L’intervento ha inoltre evidenziato da parte di Sanquirico una particolare attenzione alla patinatura finale del bronzo – operazione spesso poco considerata ma determinante per una buona riuscita del lavoro – grazie alla sua sensibilità da esperto medaglista. Miscelando e calibrando acidi e basi forti, l’artista realizzò una patina dal tono caldo e quasi impercettibile per gli incarnati, una patina scura e opaca per i pesanti preziosi tessuti e una più delicata per le decorazioni come nel caso delle corone del triregno, arrivando fintanto a comporre una mistura trasparente e riflettente per le perle che si stagliano dal supporto (fig.19) le stesse chiavi papali presentano differenti finiture coloristiche evocative dell’oro e dell’argento.
Tali impercettibili passaggi tonali restituiscono all’opera una raffinatezza d’esecuzione tanto da diventare caratteri distintivi di Sanquirico, come evidenziato anche nel caso del bel Crocifisso per la Cappella Sacchetti in San Giovanni dei Fiorentini in Roma [32].

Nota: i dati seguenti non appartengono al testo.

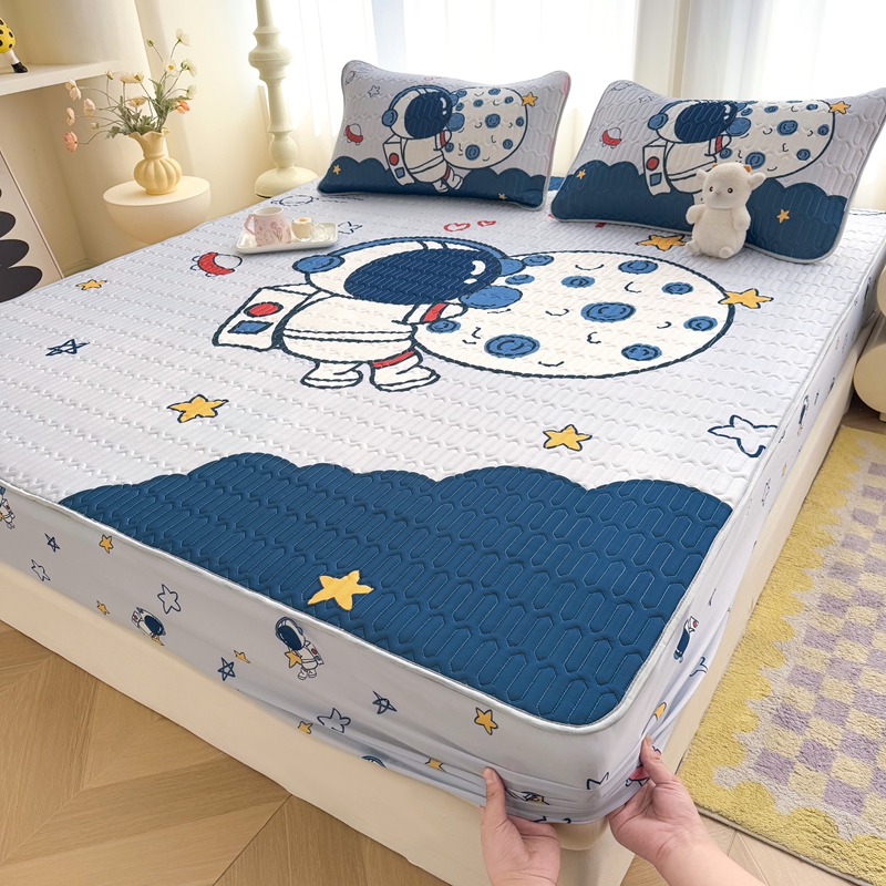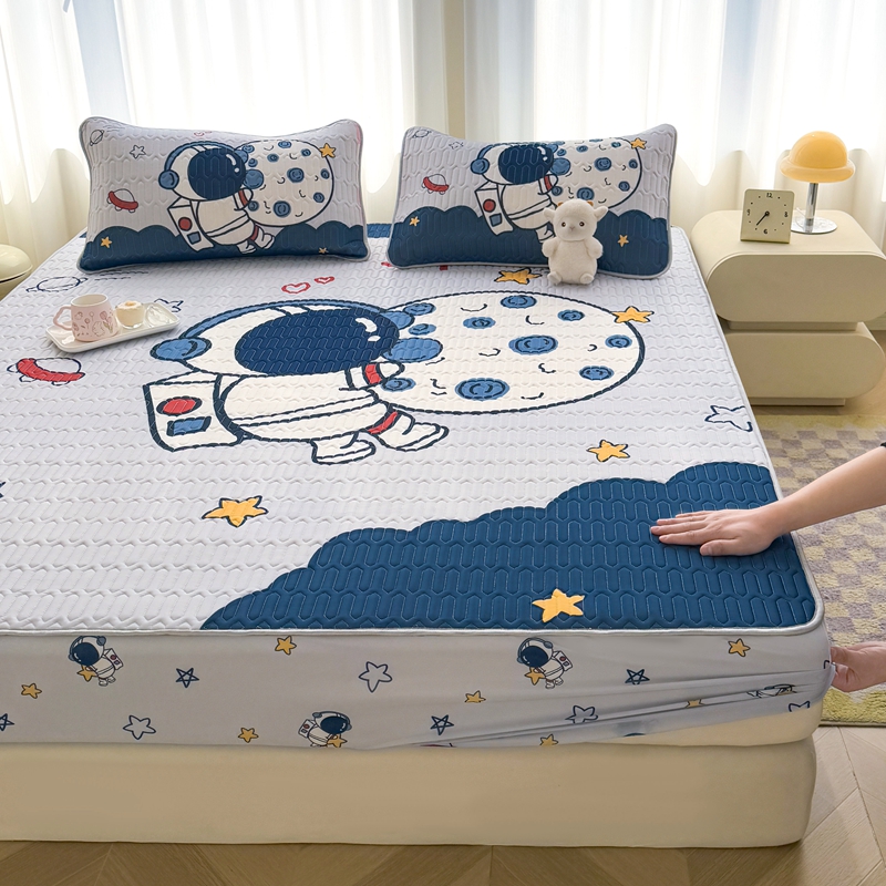 商品名称:希廷顿 2025新款大版印花乳胶凉席床笠款三件套 遨游太空
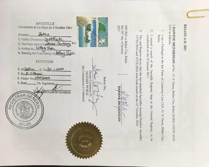 As for the apostilles of the documents, which were a part of the scandal around Belize, the received documents prove only that the apostilles with these numbers have been actually issued on October 21, 2016. But there is no information on the content of the documents certified by the apostilles.

La riscoperta a seguito del restauro della «statua intiera di metallo, rappresentante la Santità di Nostro Signore Papa Paulo Quinto» di Paolo Sanquirico, voluta come segno di ringraziamento da parte del Capitolo Liberiano, può quindi ben essere accostata, specie nella trattazione del ritratto, a più celebri effigi di un pontefice che fu tra i più appassionati mecenati e protagonisti della nascita del barocco e della trasformazione di Roma quale capitale anche per delle arti.